Updated FCC Regulations for Non-Financial Misbehavior
FCA Extends Conduct Rules to Combat Workplace Misconduct in Non-Bank Firms
Starting September 2026, the Financial Conduct Authority (FCA) will extend its Code of Conduct Rules (COCON) to non-bank firms with Part 4A permissions, bringing approximately 37,000 additional regulated non-bank firms within scope.
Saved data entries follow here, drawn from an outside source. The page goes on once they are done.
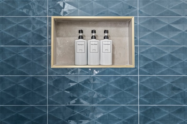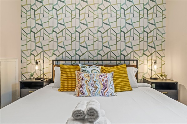 ☆☆ A beautifully designed full bathroom with a deep tub, striking blue designer tile, and gold hardware. Perfect for soaking after a day of sightseeing. You’ll find body wash, shampoo, conditioner, plush towels, cotton swabs, and all the essentials — no need to pack a thing.
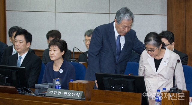 ▲ 박근혜(앞줄 왼쪽 두번째) 전 대통령과 국정농단 사태의 주범 비선실세 최순실(앞줄 왼쪽 네번째)이 23일 오전 서초구 서울중앙지방법원에서 박 전 대통령의 592억 원대 뇌물 수수 혐의 등에 대한 첫 정식재판에 참석해 자리하고 있다. /사진공동취재단
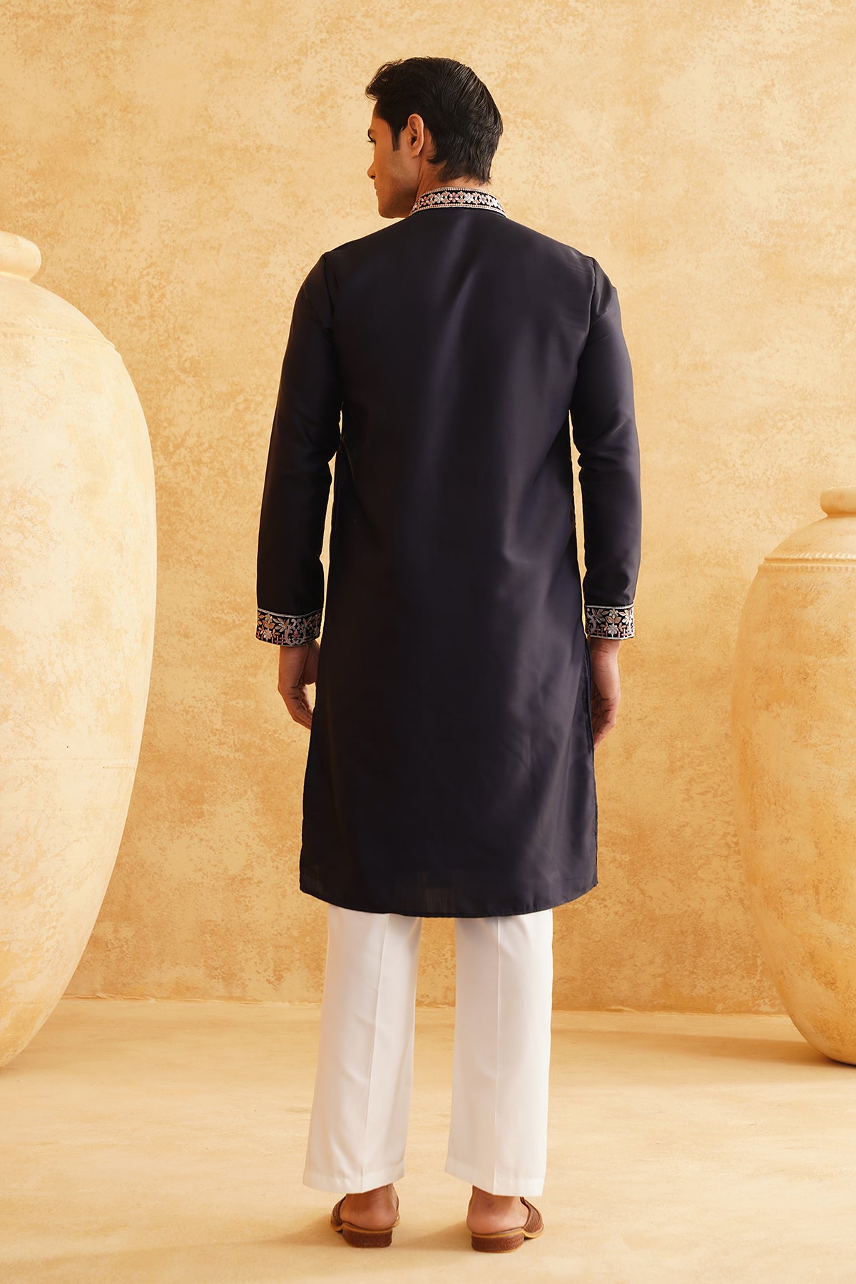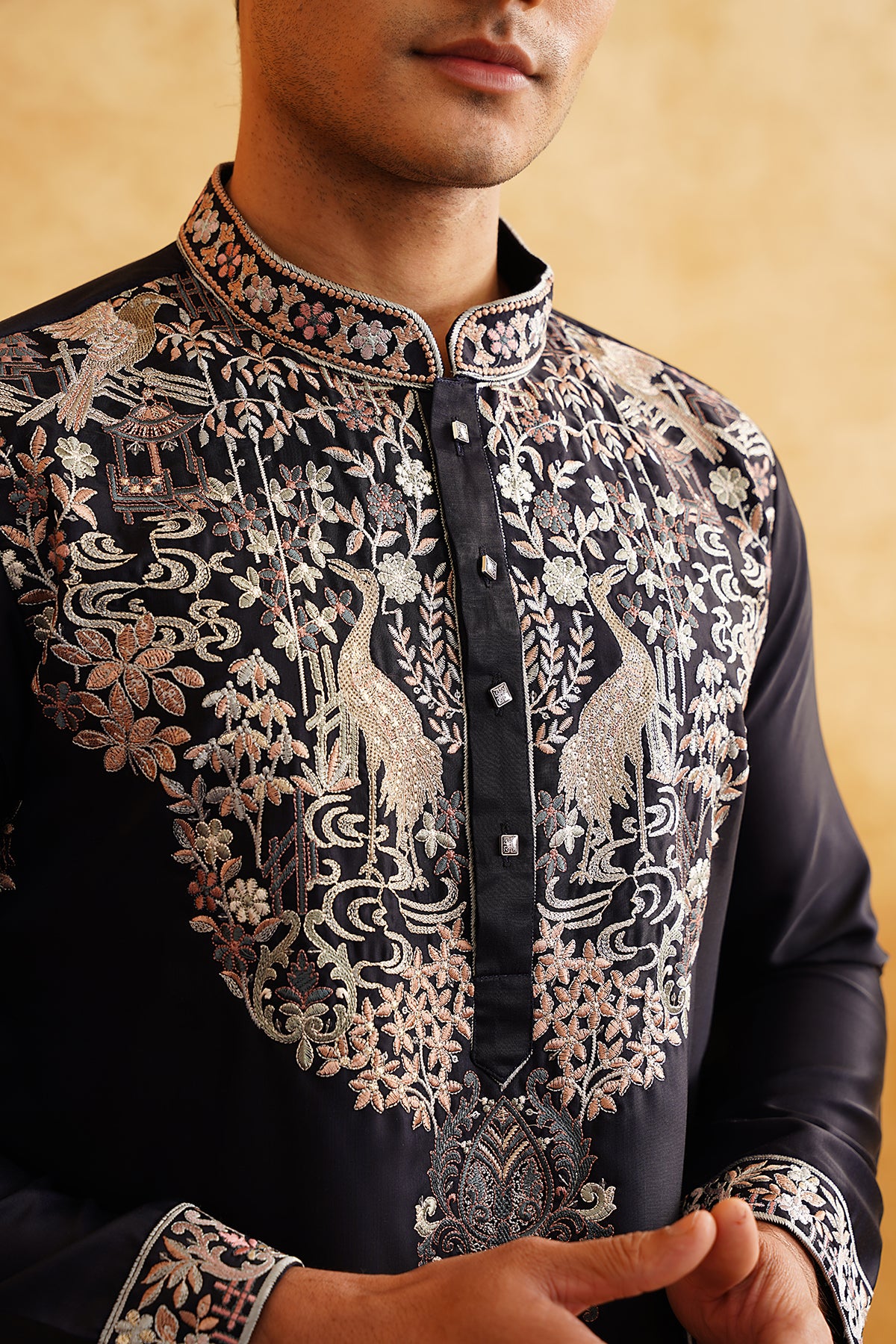Enhance your festive or regular wardrobe with this Men's Black Kenzo Kurta Set. Made from premium Kenzo fabric, this kurta is adorned with detailed thread work embroidery, adding a touch of elegance. The mandarin collar and full sleeves offer a classic style, while the knee-length design with side slits ensures comfort and sophistication for any occasion.
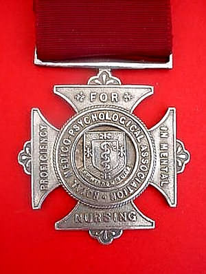 ..... Short Description ...... The Royal Medico-Psychological Association Proficiency In Mental Nursing. Hospital badge was awarded to nurses on completion of training. It is (shape) in shape and made from (materials), with the hospital name around the circumference. The badge weighs (weight) grams and has a (rear pin/button hole) fixing. Picture: The central design is of (description). Badges (were/were not) named and dated with the name of the recipient on the reverse. ..... |
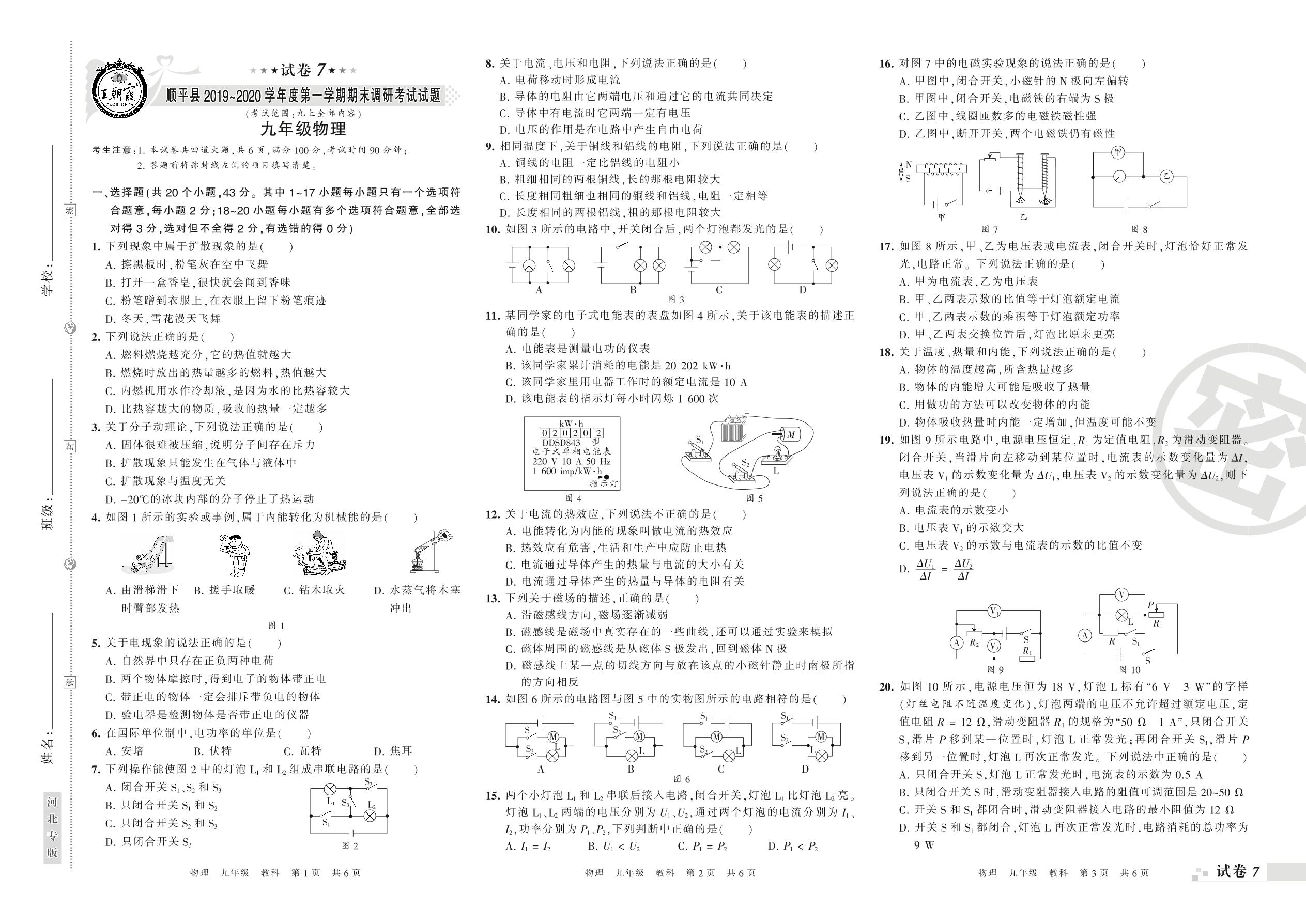 2019-2020学年第一学期保定市顺平县九年级物理试卷(教科版)【7】
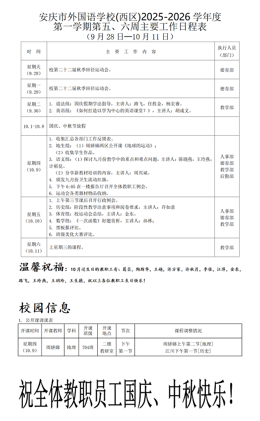 2025-2026学年度第一学期第五、六周行事历(西区)
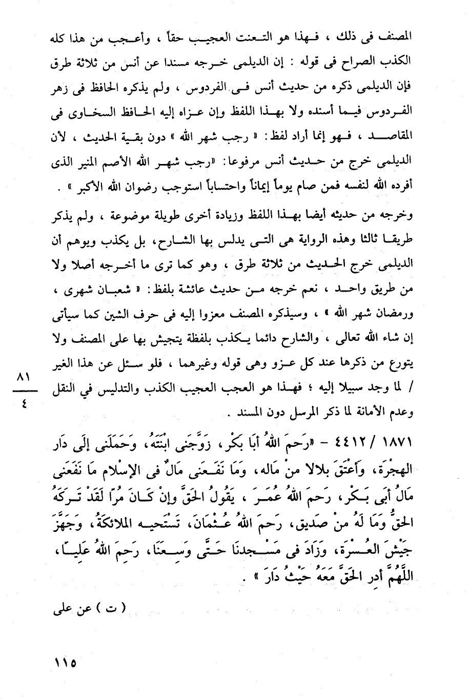 المصنف في ذلك، فهذا هو التعنت العجيب حقًا، وأعجب من هذا كله الكذب الصراح في قوله: إن الديلمى خرجه مسندا عن أنس من ثلاثة طرق فإن الديلمى ذكره من حديث أنس في الفردوس، ولم يذكره الحافظ في زهر الفردوس فيما أسنده ولا بهذا اللفظ وإن عزاه إليه الحافظ السخاوى في المقاصد، فهو إنما أراد لفظ: "رجب شهر اللَّه" دون بقية الحديث، لأن الديلمى خرج من حديث أنس مرفوعًا: "رجب شهر اللَّه الأصم المنير الذي أفرده اللَّه لنفسه فمن صام يومًا إيمانًا واحتسابًا استوجب رضوان اللَّه الأكبر".
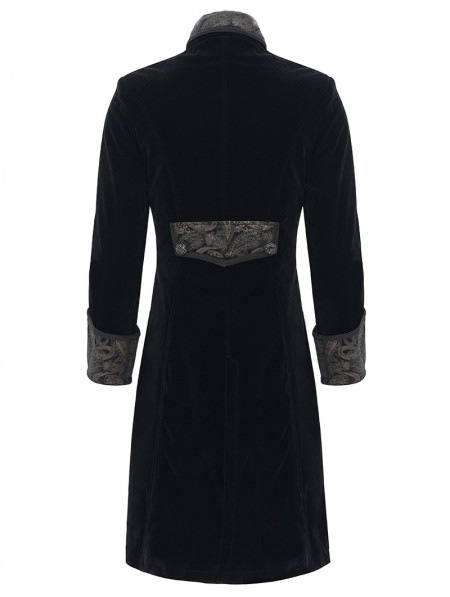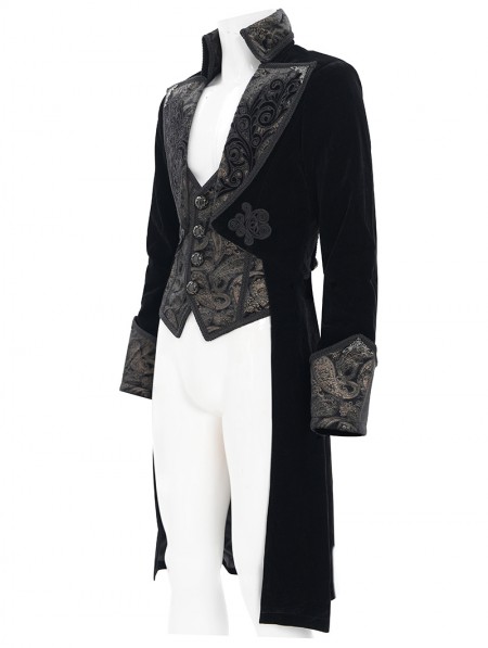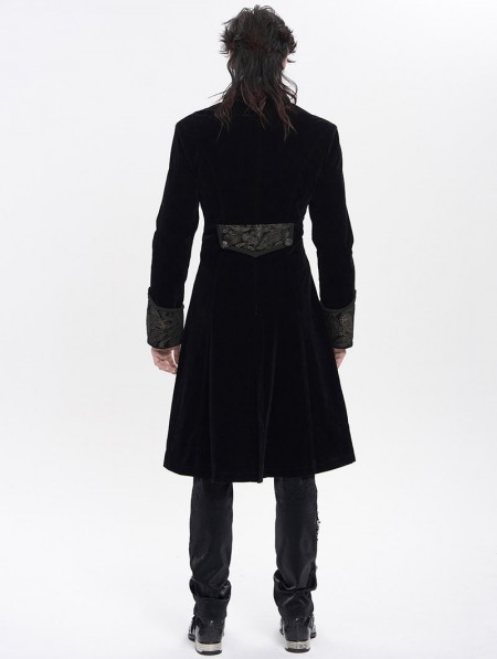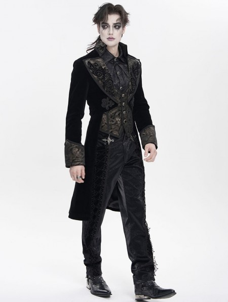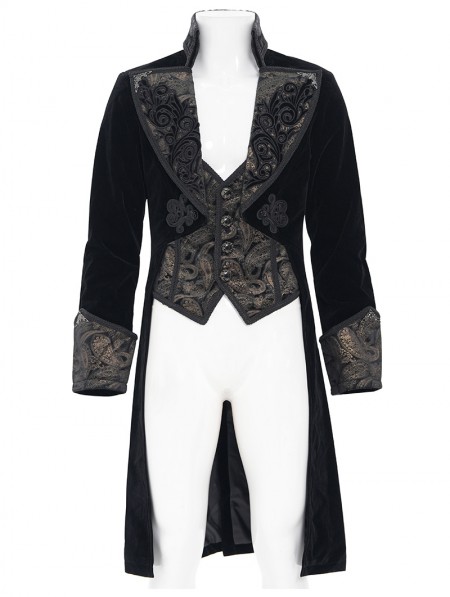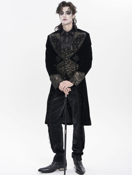 Devil Fashion Black and Gold Brocade Retro Gothic Velvet Tailcoat for Men
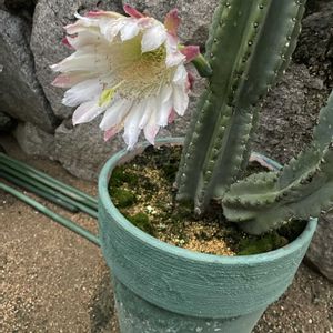 柱サボテン9本を頂いたので、鉢植えにしました! 1週間干してる間になんと、咲きました!切った後に咲くなんて、驚き。
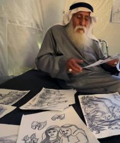 محمد زملط مسن فلسطيني اقتلعته الحرب من جباليا يحمل اليوم ريشته كوسيلة للبقاء، لا للفن فقط. في خيمته المتواضعة بمخيم البريج وسط قطاع غزة، تُصوّر أعماله معاناة الحرب بما في ذلك فقدانه لأبنائه، 12 أبريل/نيسان 2026، عدسة: يوسف أبو وطفة
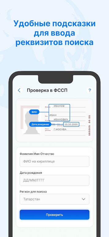 — Введите данные, по которым хотите провести проверку. Проверка выполняется в официальной базе данных задолженностей — ГИС ГМП;
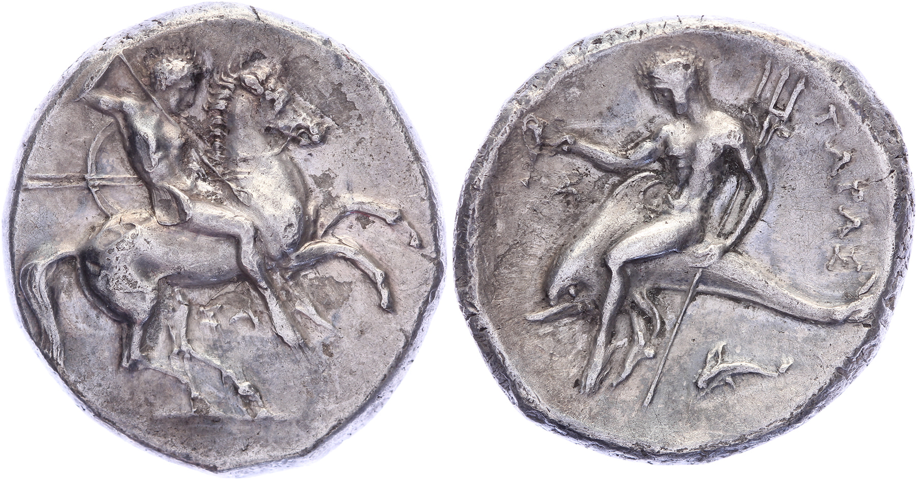 Circa 315-302 BC. AR Nomos [7,67 gm, 20,70 mm]. Sa..., magistrate. Nude rider on horse galloping to right, stabbing with spear held in his right hand and holding two other spears and shield in his left; below, ΣA / ΤΑΡΑΣ Youthful oikist, nude, riding dolphin to left, holding kantharos in his right hand and trident in his left; to left, Ω-Σ; below, small dolphin to left. Fischer-Bossert 883; SNG ANS 1002; Vlasto 614. Smal areas of porosity, toned gVF.

This move aims to address serious workplace issues like bullying, harassment, and violence in the financial sector.
The FCA's policy change follows strong industry and stakeholder support and responds to concerns about prevalent non-financial misconduct (NFM) such as sexual harassment and bullying in financial services. The new rules will make these issues explicit breaches of FCA conduct rules in covered firms.
However, entities without Part 4A permission, such as payment firms, e-money institutions, investment exchanges, and credit rating agencies, remain outside this scope, as the Senior Managers and Certification Regime (SMCR) does not apply to them.
The FCA has opened a consultation until 10 September 2025 on new Handbook guidance to assist SMCR firms in understanding and applying these conduct rules and the fitness and propriety standards (FIT). The FCA plans to finalize the guidance by the end of 2025, ahead of the rules coming into force on 1 September 2026.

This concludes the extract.